- [DESCRIPTION OF THE TASK]
Exactly the lines below, starting with the one containing "Osprey 55 class" and going on through the one containing "Camera screenshot looking", must be reproduced, both ends included, and no pictures with them.

- [SUPPLIED ENTRIES]
☆ ☆ ☆ ☆ ☆ ☆ ☆

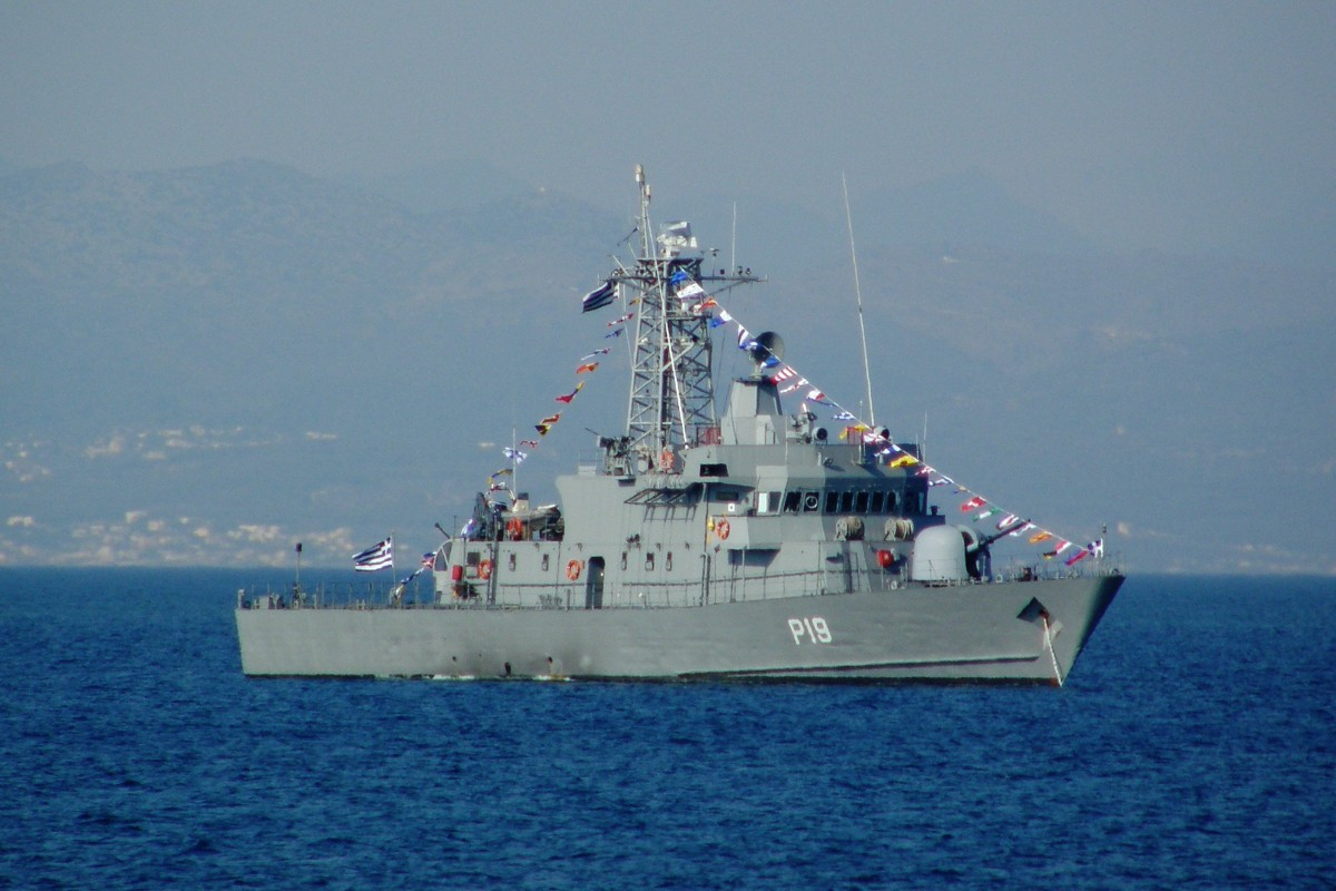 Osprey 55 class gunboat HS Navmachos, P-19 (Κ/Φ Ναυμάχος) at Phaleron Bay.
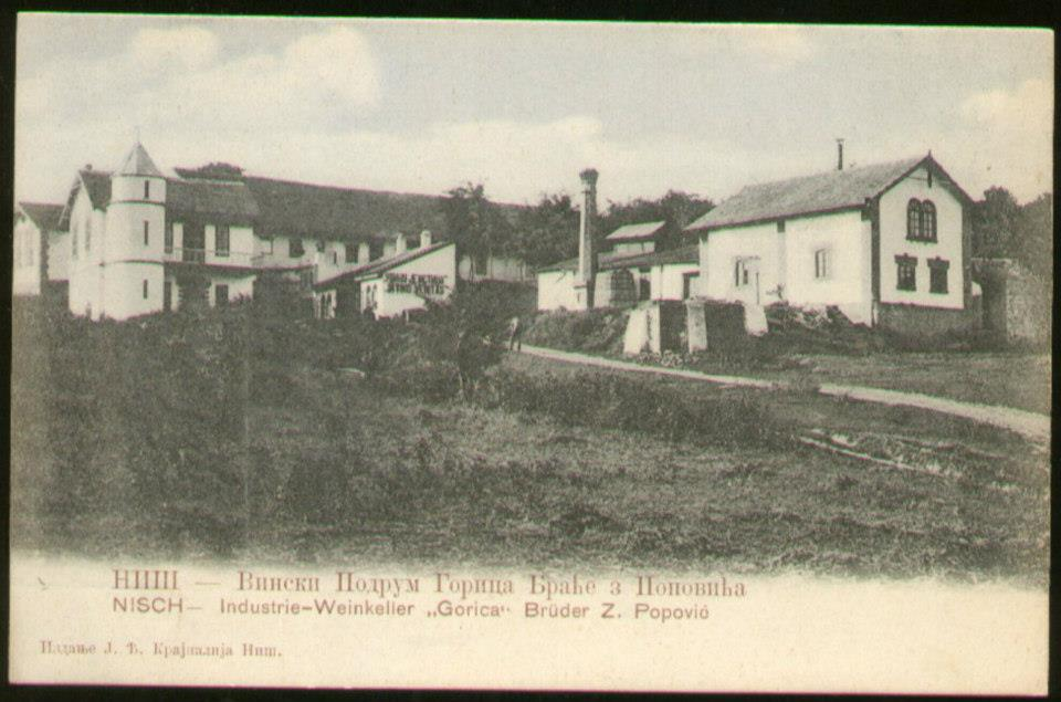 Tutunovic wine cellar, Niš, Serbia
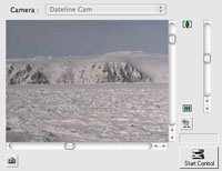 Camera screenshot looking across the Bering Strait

☆ ☆ ☆ ☆ ☆ ☆ ☆

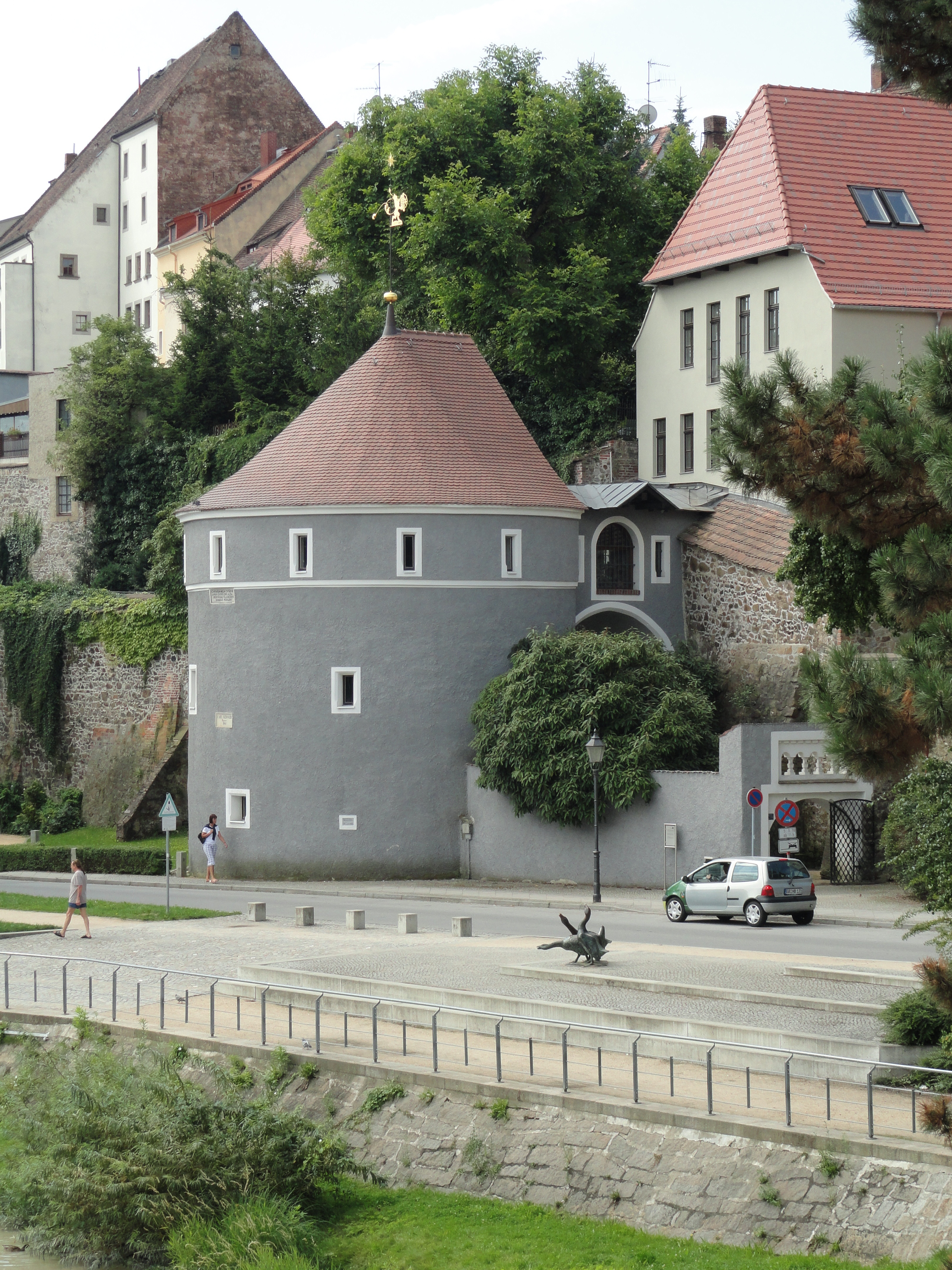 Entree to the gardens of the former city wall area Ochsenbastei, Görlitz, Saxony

☆ ☆ ☆ ☆ ☆ ☆ ☆

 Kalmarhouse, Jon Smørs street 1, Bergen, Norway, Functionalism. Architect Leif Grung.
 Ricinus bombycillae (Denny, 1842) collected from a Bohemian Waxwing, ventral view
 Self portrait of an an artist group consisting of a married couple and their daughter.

☆ ☆ ☆ ☆ ☆ ☆ ☆

- [RESULT OF THIS EXERCISE]
 Osprey 55 class gunboat HS Navmachos, P-19 (Κ/Φ Ναυμάχος) at Phaleron Bay.
 Tutunovic wine cellar, Niš, Serbia
 Camera screenshot looking across the Bering Strait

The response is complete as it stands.